__What you should do__. Every line of the data below must be output exactly, with images left out.
══════
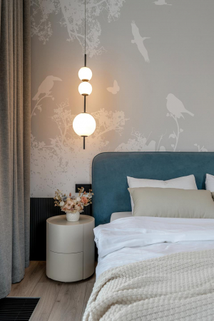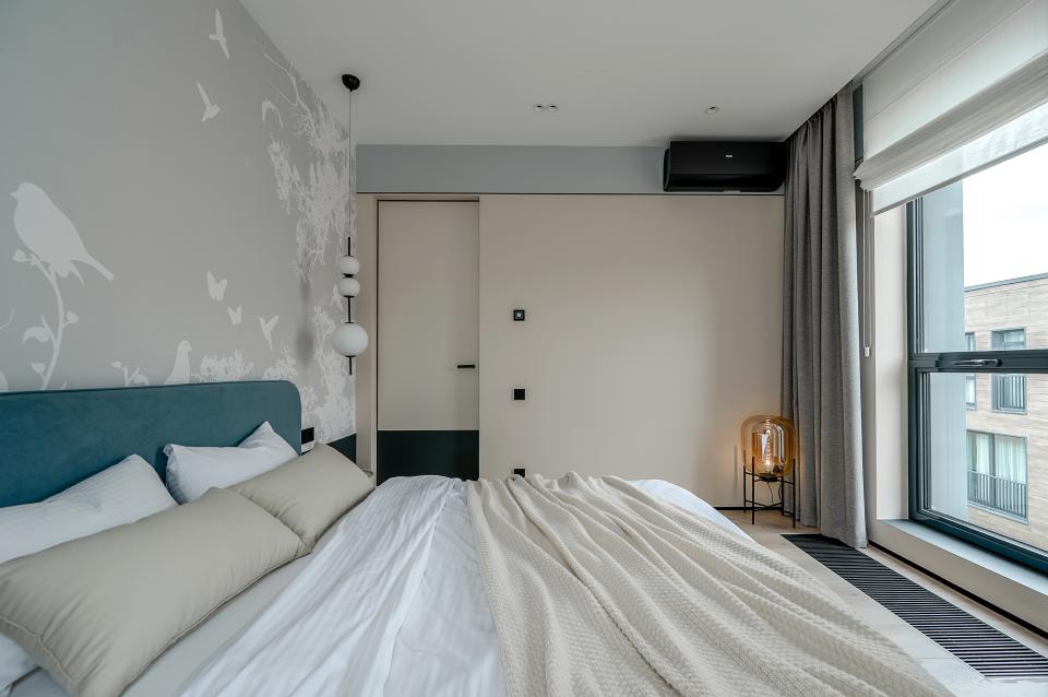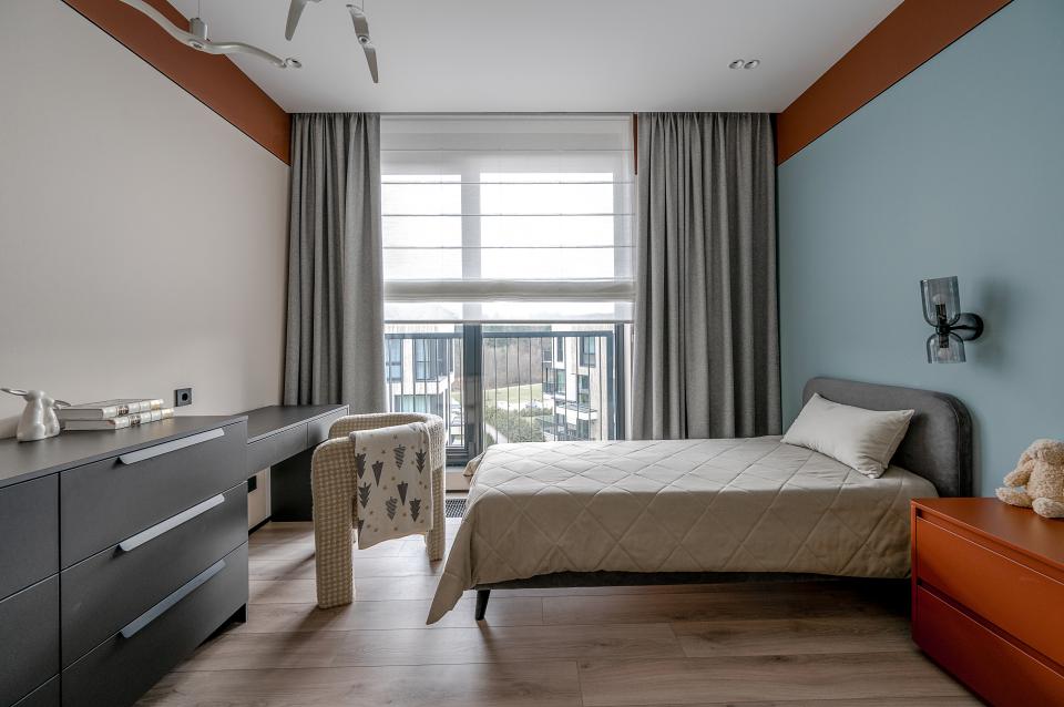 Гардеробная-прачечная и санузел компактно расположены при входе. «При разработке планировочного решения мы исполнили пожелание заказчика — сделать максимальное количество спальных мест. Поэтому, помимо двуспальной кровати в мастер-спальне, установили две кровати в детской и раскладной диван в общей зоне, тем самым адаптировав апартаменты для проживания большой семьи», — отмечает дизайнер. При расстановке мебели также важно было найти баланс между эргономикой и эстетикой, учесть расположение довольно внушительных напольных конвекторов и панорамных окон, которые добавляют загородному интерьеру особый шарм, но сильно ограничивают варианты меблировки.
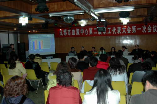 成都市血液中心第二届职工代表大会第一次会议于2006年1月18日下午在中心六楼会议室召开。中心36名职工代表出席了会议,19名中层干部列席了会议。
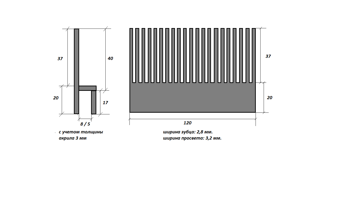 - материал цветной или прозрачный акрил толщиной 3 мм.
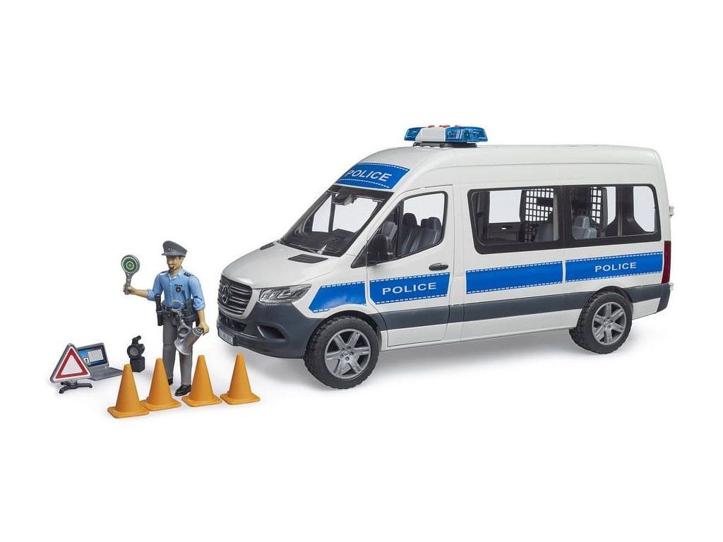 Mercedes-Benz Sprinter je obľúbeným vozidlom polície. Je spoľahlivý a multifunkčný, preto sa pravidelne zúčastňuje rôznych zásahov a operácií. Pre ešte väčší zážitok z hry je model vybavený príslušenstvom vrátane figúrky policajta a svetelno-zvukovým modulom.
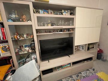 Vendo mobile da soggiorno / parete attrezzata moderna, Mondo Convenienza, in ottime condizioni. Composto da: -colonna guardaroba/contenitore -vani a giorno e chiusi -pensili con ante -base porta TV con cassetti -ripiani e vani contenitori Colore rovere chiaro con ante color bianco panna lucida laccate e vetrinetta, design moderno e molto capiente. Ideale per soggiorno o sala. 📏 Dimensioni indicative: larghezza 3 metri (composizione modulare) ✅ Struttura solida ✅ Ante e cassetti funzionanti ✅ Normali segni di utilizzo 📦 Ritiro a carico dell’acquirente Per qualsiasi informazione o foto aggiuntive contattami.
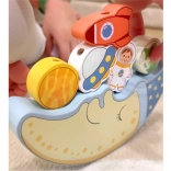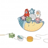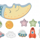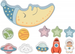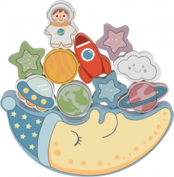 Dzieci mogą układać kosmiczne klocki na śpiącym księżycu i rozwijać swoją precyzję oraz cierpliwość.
══════
__Expected output__.
 Гардеробная-прачечная и санузел компактно расположены при входе. «При разработке планировочного решения мы исполнили пожелание заказчика — сделать максимальное количество спальных мест. Поэтому, помимо двуспальной кровати в мастер-спальне, установили две кровати в детской и раскладной диван в общей зоне, тем самым адаптировав апартаменты для проживания большой семьи», — отмечает дизайнер. При расстановке мебели также важно было найти баланс между эргономикой и эстетикой, учесть расположение довольно внушительных напольных конвекторов и панорамных окон, которые добавляют загородному интерьеру особый шарм, но сильно ограничивают варианты меблировки.
 成都市血液中心第二届职工代表大会第一次会议于2006年1月18日下午在中心六楼会议室召开。中心36名职工代表出席了会议,19名中层干部列席了会议。
 - материал цветной или прозрачный акрил толщиной 3 мм.
 Mercedes-Benz Sprinter je obľúbeným vozidlom polície. Je spoľahlivý a multifunkčný, preto sa pravidelne zúčastňuje rôznych zásahov a operácií. Pre ešte väčší zážitok z hry je model vybavený príslušenstvom vrátane figúrky policajta a svetelno-zvukovým modulom.
 Vendo mobile da soggiorno / parete attrezzata moderna, Mondo Convenienza, in ottime condizioni. Composto da: -colonna guardaroba/contenitore -vani a giorno e chiusi -pensili con ante -base porta TV con cassetti -ripiani e vani contenitori Colore rovere chiaro con ante color bianco panna lucida laccate e vetrinetta, design moderno e molto capiente. Ideale per soggiorno o sala. 📏 Dimensioni indicative: larghezza 3 metri (composizione modulare) ✅ Struttura solida ✅ Ante e cassetti funzionanti ✅ Normali segni di utilizzo 📦 Ritiro a carico dell’acquirente Per qualsiasi informazione o foto aggiuntive contattami.
 Dzieci mogą układać kosmiczne klocki na śpiącym księżycu i rozwijać swoją precyzję oraz cierpliwość.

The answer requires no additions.